= Beginning of Section =
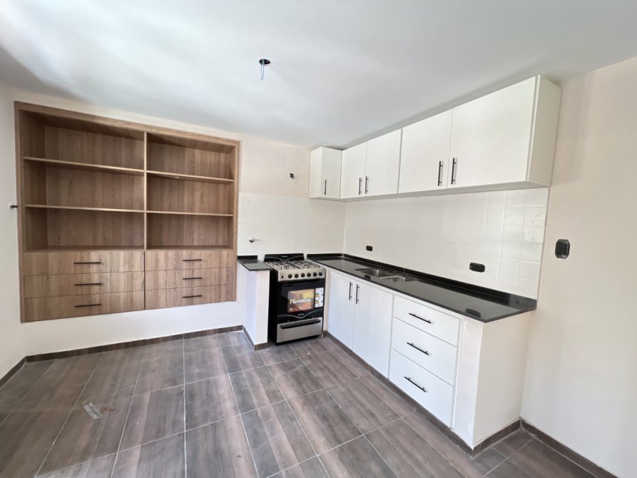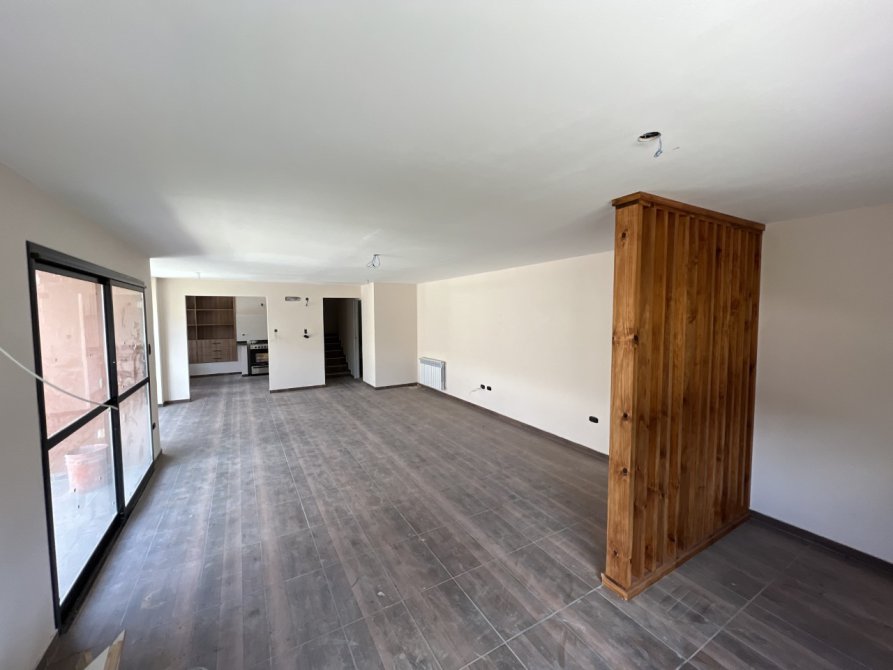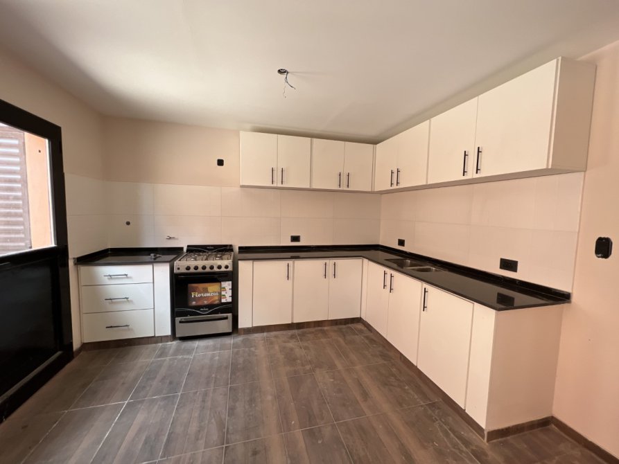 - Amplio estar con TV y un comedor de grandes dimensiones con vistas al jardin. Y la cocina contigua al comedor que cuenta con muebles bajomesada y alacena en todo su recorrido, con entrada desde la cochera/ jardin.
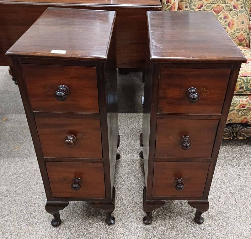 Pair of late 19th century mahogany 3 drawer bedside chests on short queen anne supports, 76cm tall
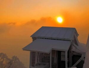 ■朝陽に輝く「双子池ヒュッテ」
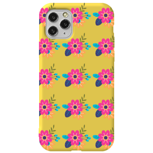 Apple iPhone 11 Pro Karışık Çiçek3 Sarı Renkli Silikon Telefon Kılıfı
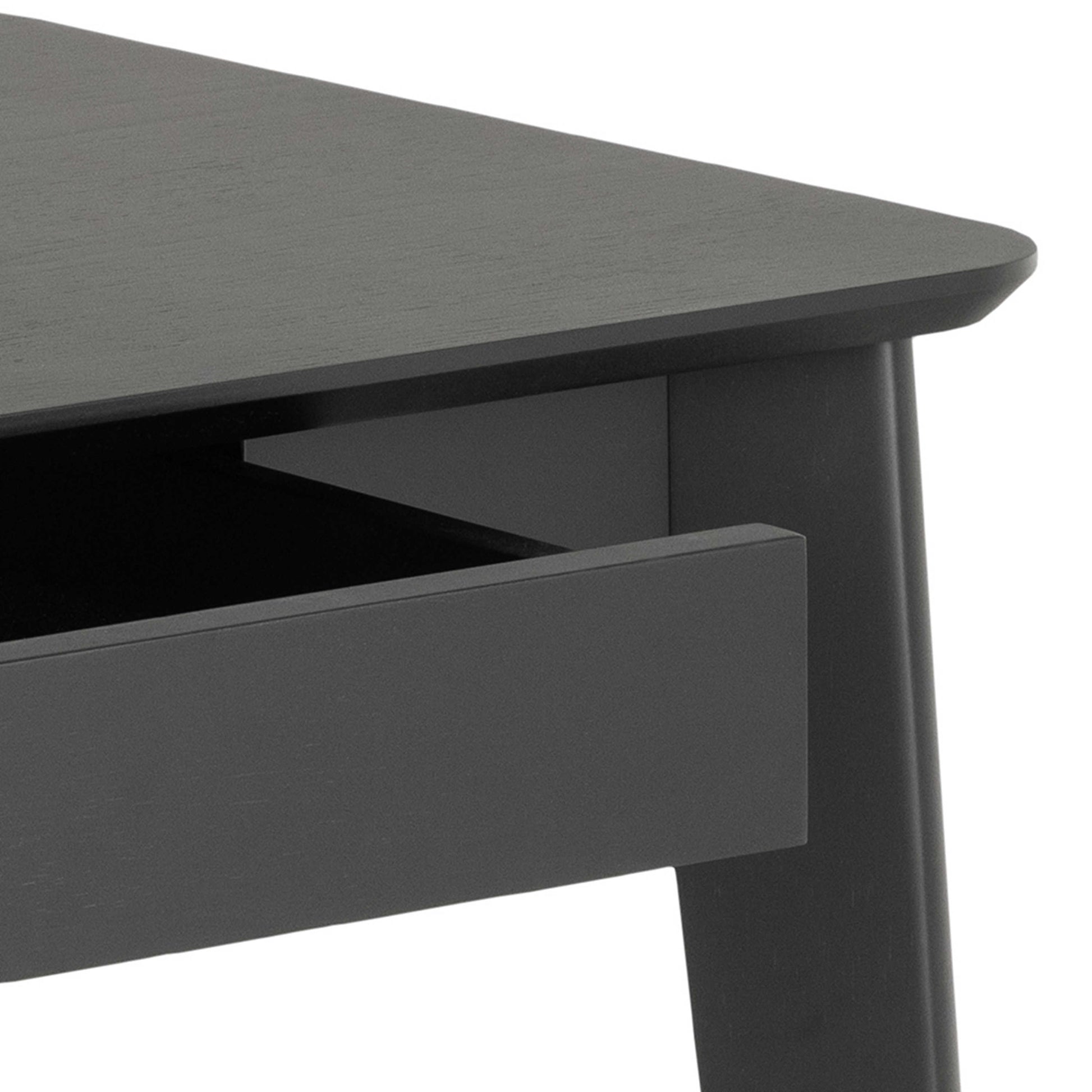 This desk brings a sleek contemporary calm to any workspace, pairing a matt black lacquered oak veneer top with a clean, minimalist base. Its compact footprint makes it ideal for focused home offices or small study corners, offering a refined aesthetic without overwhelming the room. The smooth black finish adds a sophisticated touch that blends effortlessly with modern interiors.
= End of Section =
= Beginning of Section =
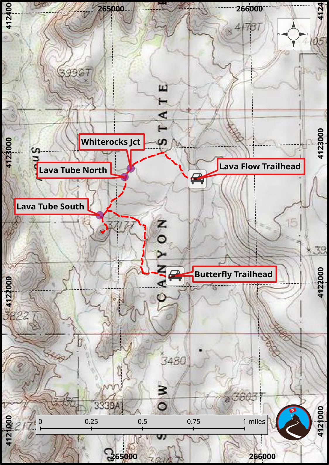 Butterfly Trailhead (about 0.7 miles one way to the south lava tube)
= End of Section =
= Beginning of Section =
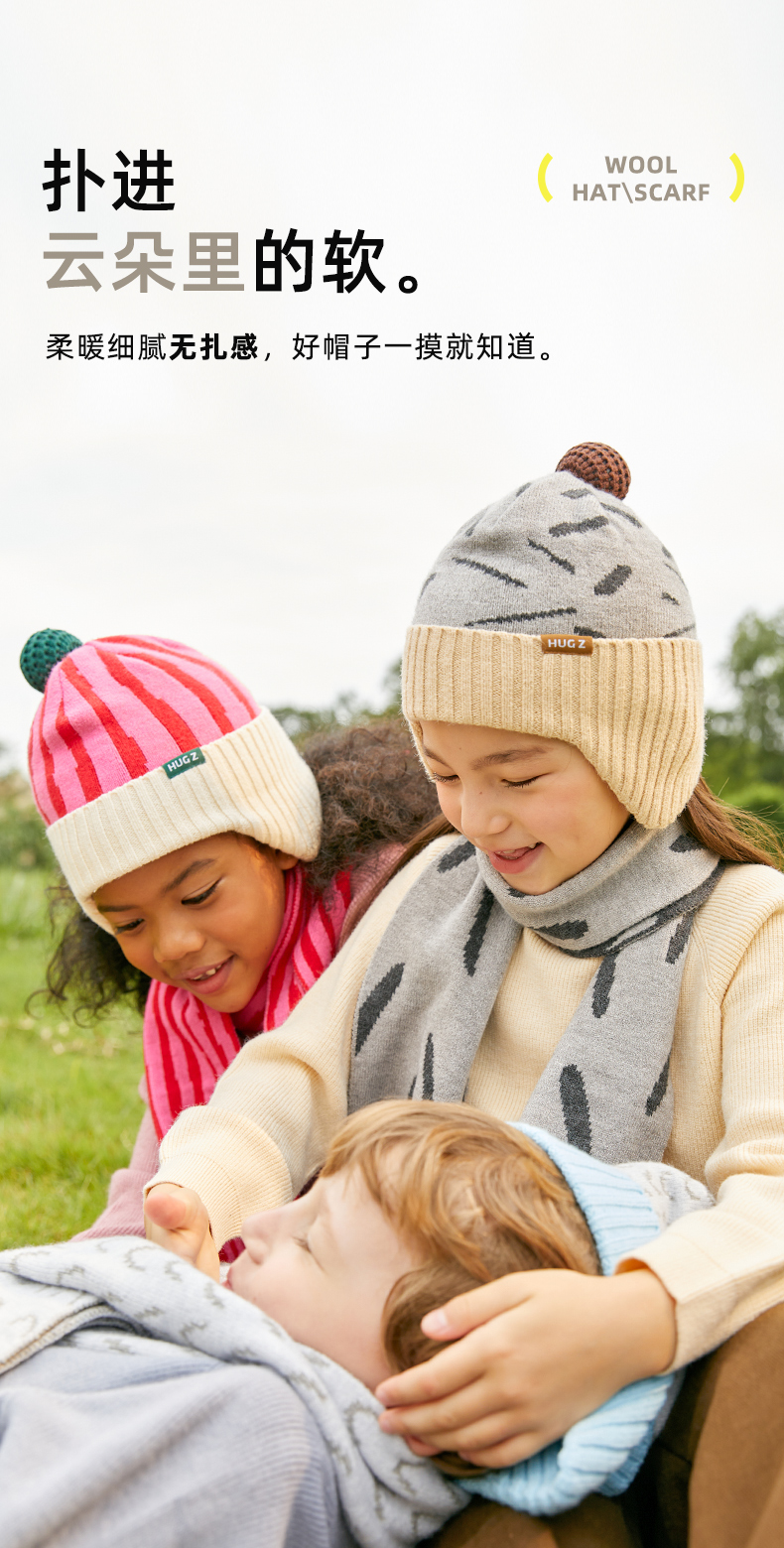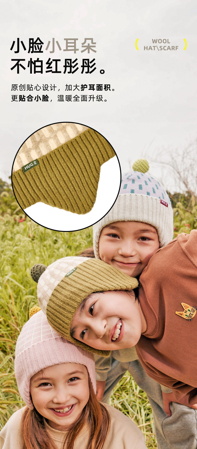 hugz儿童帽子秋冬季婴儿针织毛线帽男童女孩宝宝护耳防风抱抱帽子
= End of Section =
● **What the task requires**:
Set the pictures aside and reproduce exactly the lines above, from the line holding "Pair of late" through the line holding "This desk brings", both included, with nothing else.

● **Exercise answer**:
 Pair of late 19th century mahogany 3 drawer bedside chests on short queen anne supports, 76cm tall
 ■朝陽に輝く「双子池ヒュッテ」
 Apple iPhone 11 Pro Karışık Çiçek3 Sarı Renkli Silikon Telefon Kılıfı
 This desk brings a sleek contemporary calm to any workspace, pairing a matt black lacquered oak veneer top with a clean, minimalist base. Its compact footprint makes it ideal for focused home offices or small study corners, offering a refined aesthetic without overwhelming the room. The smooth black finish adds a sophisticated touch that blends effortlessly with modern interiors.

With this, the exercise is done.